RECORDS SHOWN>
↓
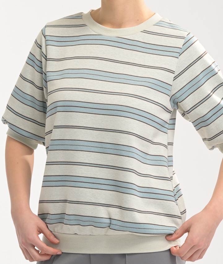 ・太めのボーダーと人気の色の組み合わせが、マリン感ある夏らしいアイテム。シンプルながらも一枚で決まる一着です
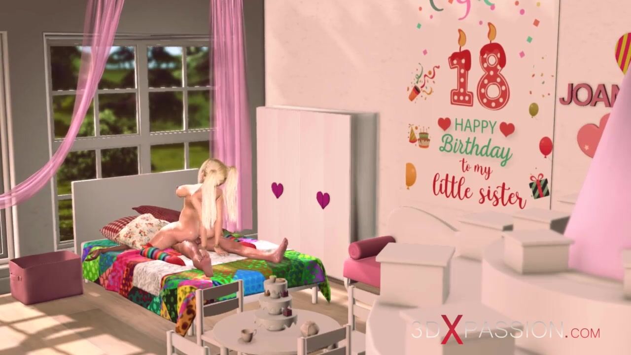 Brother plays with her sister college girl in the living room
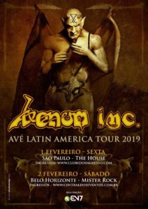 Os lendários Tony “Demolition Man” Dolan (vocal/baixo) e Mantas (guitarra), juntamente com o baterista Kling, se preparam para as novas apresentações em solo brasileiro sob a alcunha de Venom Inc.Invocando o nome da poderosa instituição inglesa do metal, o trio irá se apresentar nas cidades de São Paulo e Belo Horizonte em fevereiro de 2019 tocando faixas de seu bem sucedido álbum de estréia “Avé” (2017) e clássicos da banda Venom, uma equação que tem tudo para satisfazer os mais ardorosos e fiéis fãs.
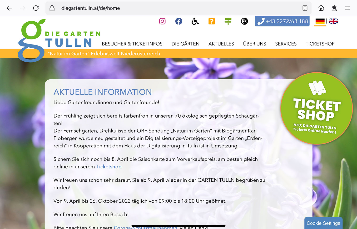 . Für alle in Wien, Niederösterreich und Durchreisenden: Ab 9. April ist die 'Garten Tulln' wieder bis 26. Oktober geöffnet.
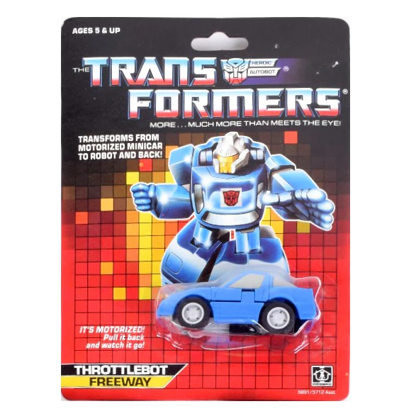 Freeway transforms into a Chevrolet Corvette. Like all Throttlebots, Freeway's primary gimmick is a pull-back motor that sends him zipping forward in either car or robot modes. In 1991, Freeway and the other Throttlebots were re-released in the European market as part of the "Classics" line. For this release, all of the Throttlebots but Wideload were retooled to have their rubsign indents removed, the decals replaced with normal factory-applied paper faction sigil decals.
↑
ACTIVITY>
Please set down exactly the lines from the one holding "26. Oktober geöffnet." through the last line of the entries, both ends included, and skip pictures.

RESULT OF THIS TASK>
 . Für alle in Wien, Niederösterreich und Durchreisenden: Ab 9. April ist die 'Garten Tulln' wieder bis 26. Oktober geöffnet.
 Freeway transforms into a Chevrolet Corvette. Like all Throttlebots, Freeway's primary gimmick is a pull-back motor that sends him zipping forward in either car or robot modes. In 1991, Freeway and the other Throttlebots were re-released in the European market as part of the "Classics" line. For this release, all of the Throttlebots but Wideload were retooled to have their rubsign indents removed, the decals replaced with normal factory-applied paper faction sigil decals.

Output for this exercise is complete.